For the second part of the question, we need to recall that place theory predicts that perceived pitch results directly from the location of the hair cells that are vibrated when exposed to that frequency; higher frequencies vibrate hair cells closer to the oval window, and lower frequencies vibrate hair cells that are farther away. What is important here is that, according to place theory, the type of sound is irrelevant; sounds of the same frequency should be perceived in the same way. However, the hypothesis of this study (and the hypothetical results we've just imagined in support of that hypothesis), call place theory into question as, according to the passage, similar changes in vibrations are not perceived as the same change in pitch. According to this study, the perceived pitch instead depends at least in part on the nature of the sound perceived by the listener. Note that this new finding wouldn't affect a place theory of sound sensation/detection, which could still be accurate: this experiment is specifically about how sounds are perceived, not about how they are sensed.
In sum, to support the researchers, the results must find a greater perceived difference in pitch between the vocal samples as compared to the synthesized audio samples.

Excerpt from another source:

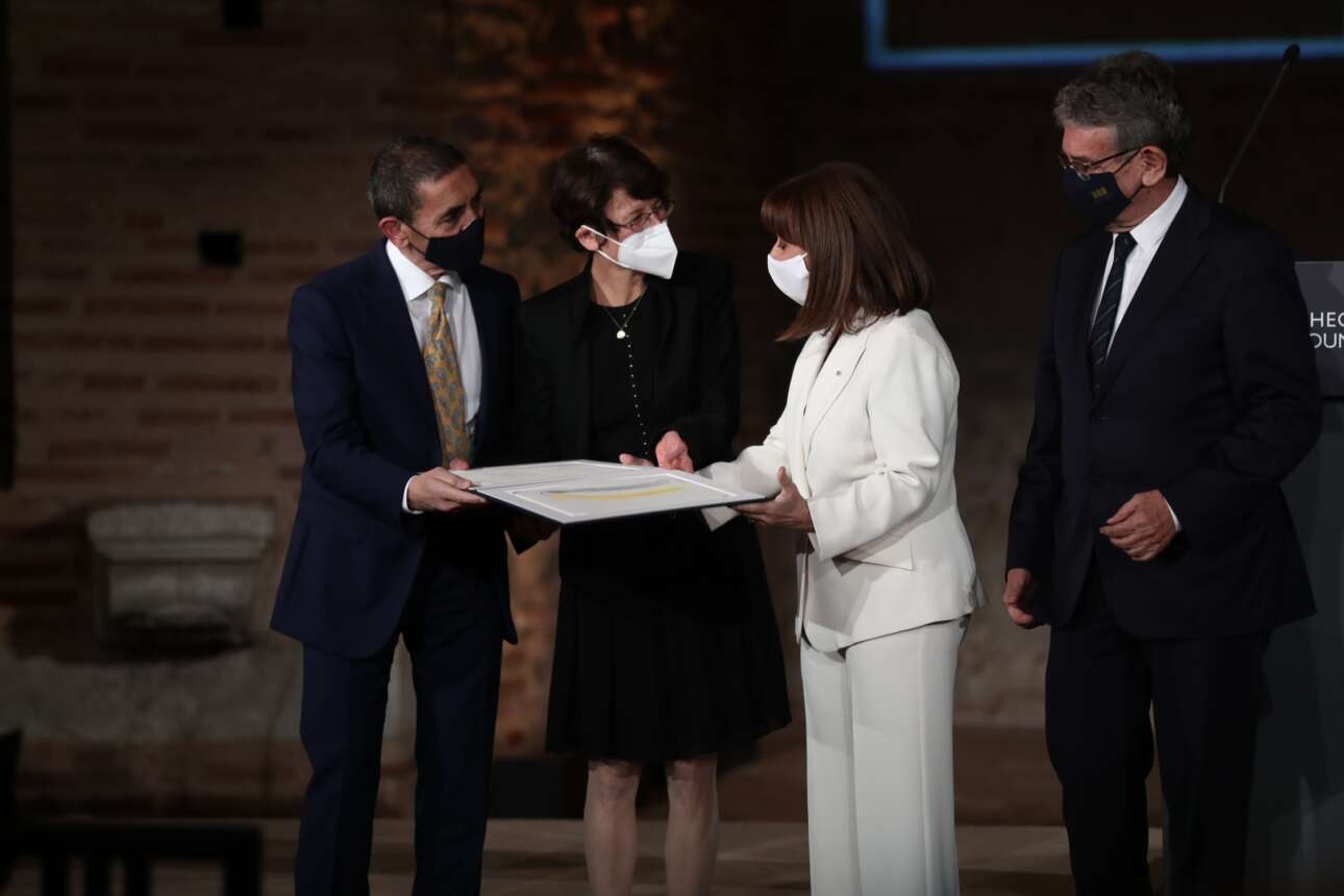 Την απονομή του βραβείου προς τους δύο σπουδαίους επιστήμονες έκαναν η Πρόεδρος της Δημοκρατίας Κατερίνα Σακελλαροπούλου και ο πρόεδρος της διοικούσας επιτροπής του Ιδρύματος «Αυτοκράτειρα Θεοφανώ», Σταύρος Ανδρεάδης.

This finding would contradict the place theory of sound perception.
MCAT Concept Check 2.3:
Before you move on, assess your understanding of the material with these questions.
1. What structures are used to detect linear acceleration? Rotational acceleration?
o Linear acceleration:
o Rotational acceleration:
2. List the structures in the auditory pathway, from where sound enters the pinna to the auditory projection areas in the brain.
3. How does the organization of the cochlea indicate the pitch of an incoming sound?